Warto dowiedzieć się, jak zaczynał kultowy artysta Tom Waits, a okazją do tego jest seria "Original Album Collection", w której ukazało się jego pięć pierwszych albumów z lat 1973 - 1977.
Zanim zadebiutował w wytwórni Asylum płytą "Closing Time", dokonał wielu próbnych nagrań. Wydawcy widzieli w nim potencjał oryginalnego twórcy dostarczającego piosenki bardziej znanym wykonawcom, później przekonali się, jak szybko zyskuje popularność. Już na pierwszej płycie określił swój styl kojarzący się z zadymionym, małym klubem, gdzie ciężko pracujący, wrażliwi mężczyźni i szukające czułości kobiety topili w szklance whisky swe smutki i nadzieje.
Lubię Toma Waitsa za luzacki styl śpiewania, cenię za powściągliwą ekspresję, ale najbardziej podoba mi się jazzujący akompaniament. Swobodne akordy fortepianu, solówka trąbki czy saksofonu mają niepowtarzalny urok.
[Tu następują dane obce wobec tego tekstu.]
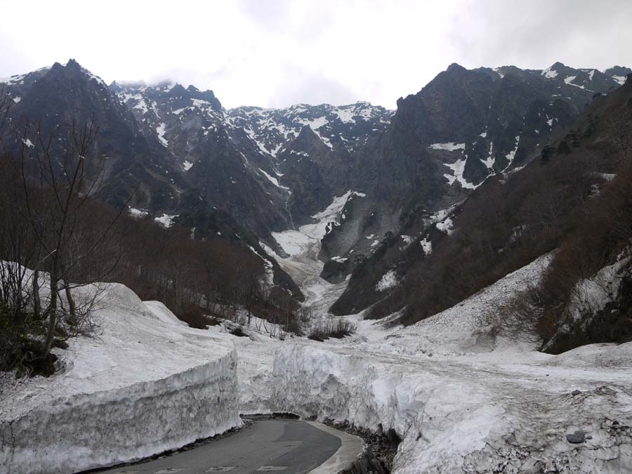 本来は車で行けるのですが、雪崩、落石の影響で通行止めになってまして徒歩しか無理。

Istotę jego muzyki poznamy na koncertowym albumie "Nighthawks at the Dinner" wartym biletu za każde pieniądze. Na następnych płytach "Small Change" i "Foreign Affairs" rozpoznamy: rozdzierający serce "Tom Traubert`s Blues", szalony "Step Right Up" i programowy "The Piano Has Been Drinking (Not Me)".